* [Task directions] In the material below, find the line containing "Here at Talland" and the line containing "弊社(株式会社バリュー・コア". Output those two lines and all lines between them exactly, without pictures.

---------- Collected data ----------

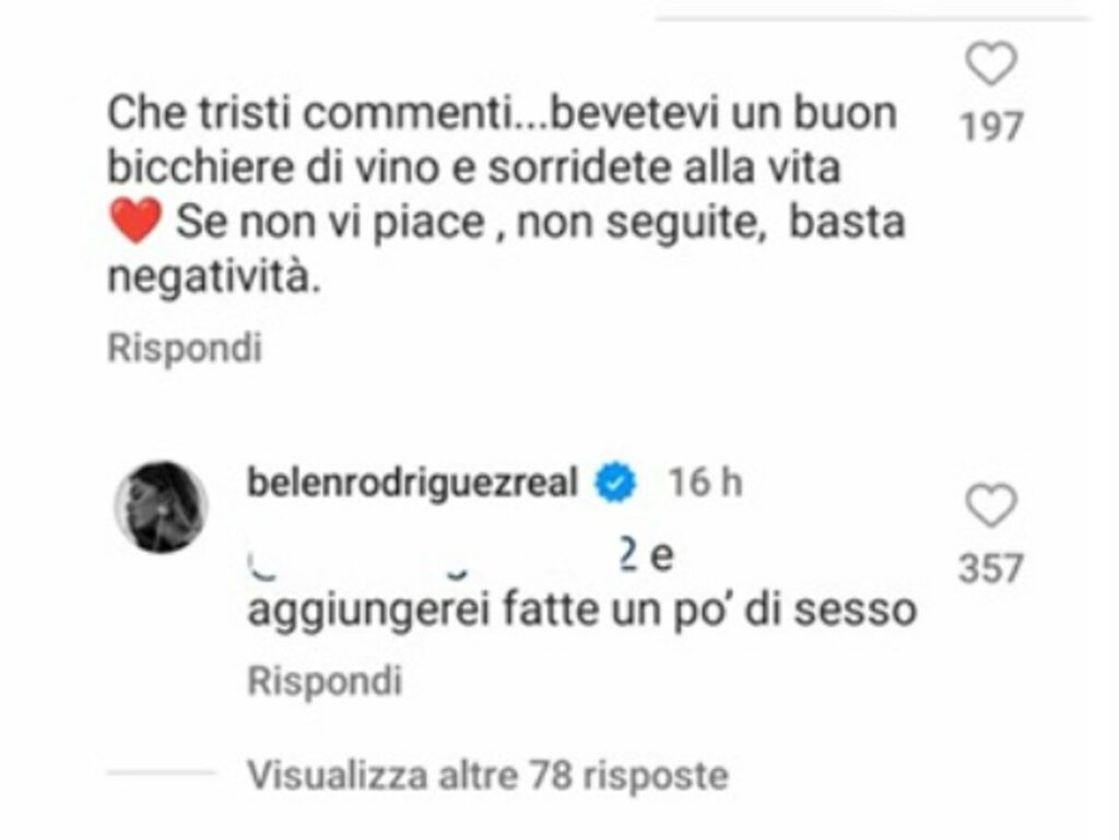 Tra chi la segue, c’è chi la difende a spada tratta. “Che tristi commenti…bevetevi un buon bicchiere di vino e sorridete alla vita. Se non vi piace, non seguite, basta negatività”, sottolinea una donna. Belen legge e precisa: “Aggiungerei fate un po’ di sesso”. La 39enne si lascia scivolare tutto addosso.
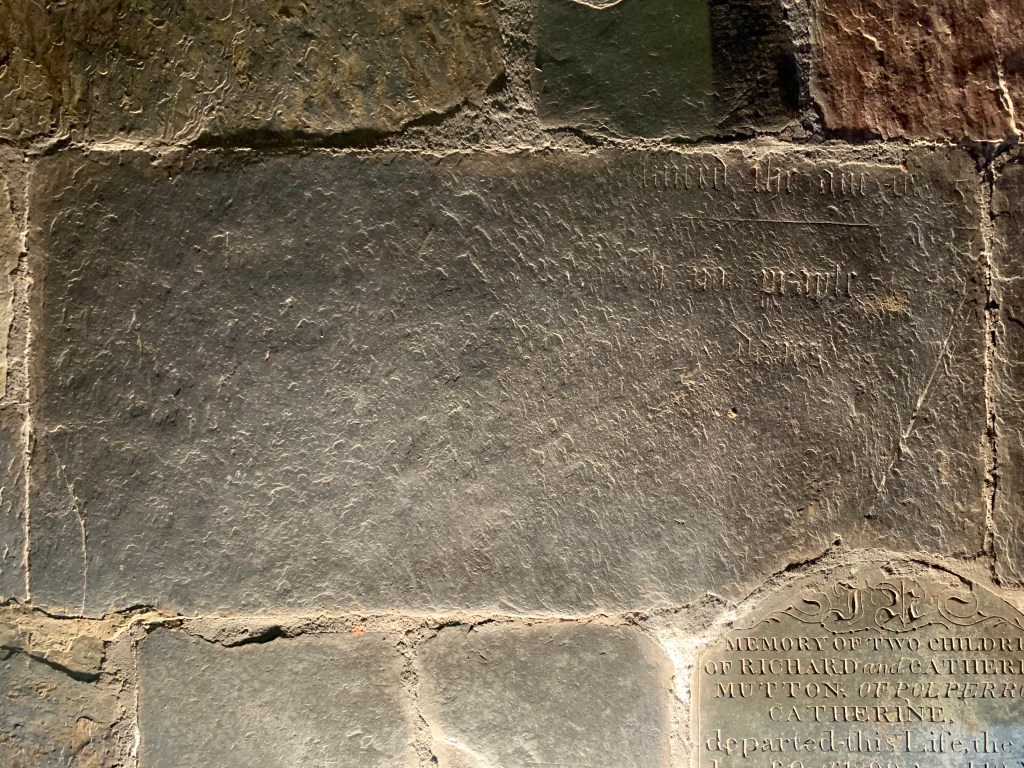Here at Talland our earliest ledger stones are made of incised slate and un-decorated, but quite distinctive and comprise of a marginal inscription surrounding a central dedication.
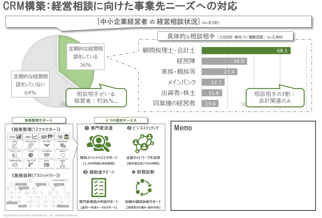 弊社(株式会社バリュー・コア・コンサルティング)では、以下5つのサービスを提供しております。
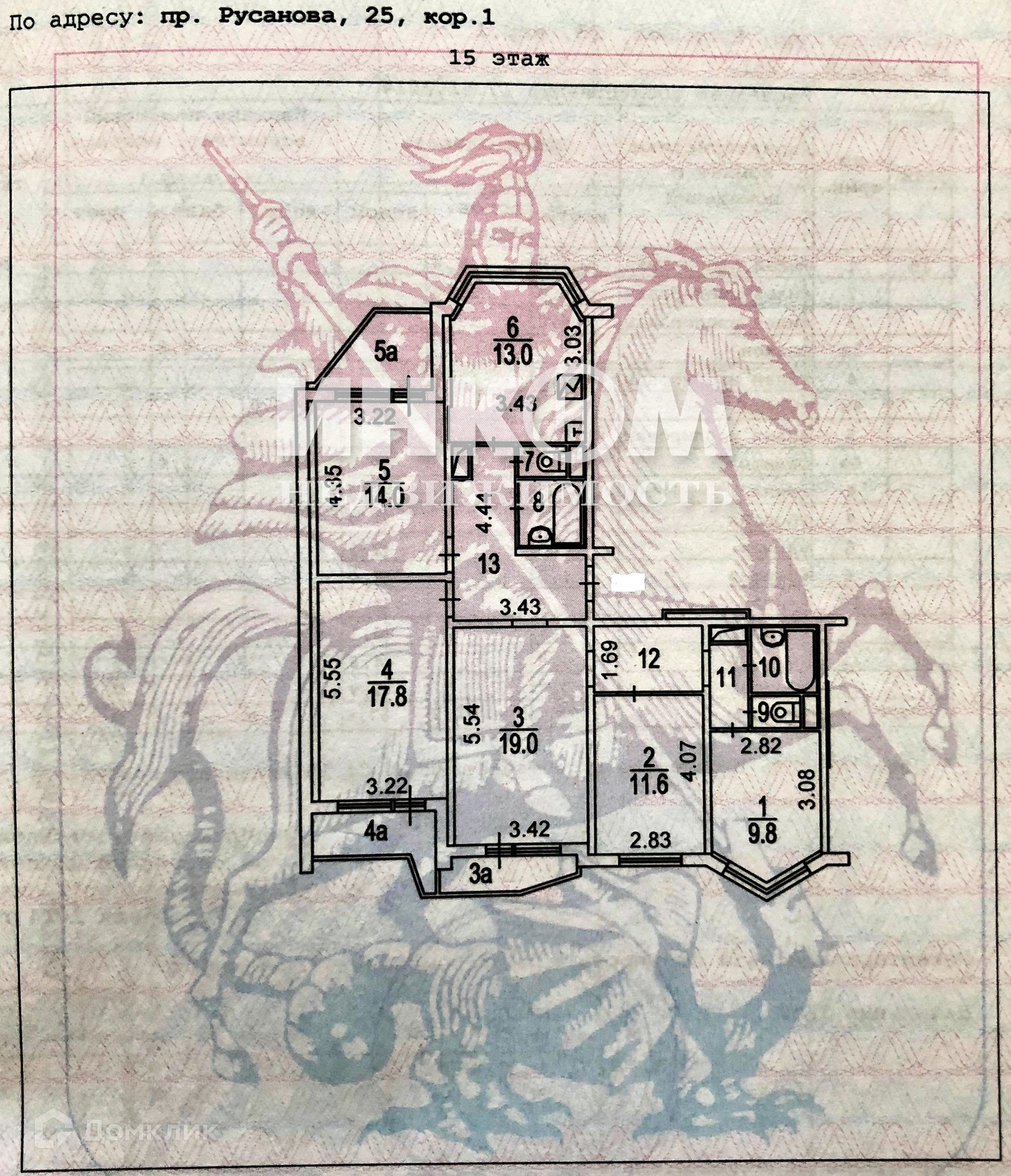 5-комнатная квартира, 109.6 м2, этаж 15 / 17, на продажу в Москве, проезд Русанова, 25к1

----------

* [Task output]
Here at Talland our earliest ledger stones are made of incised slate and un-decorated, but quite distinctive and comprise of a marginal inscription surrounding a central dedication.
 弊社(株式会社バリュー・コア・コンサルティング)では、以下5つのサービスを提供しております。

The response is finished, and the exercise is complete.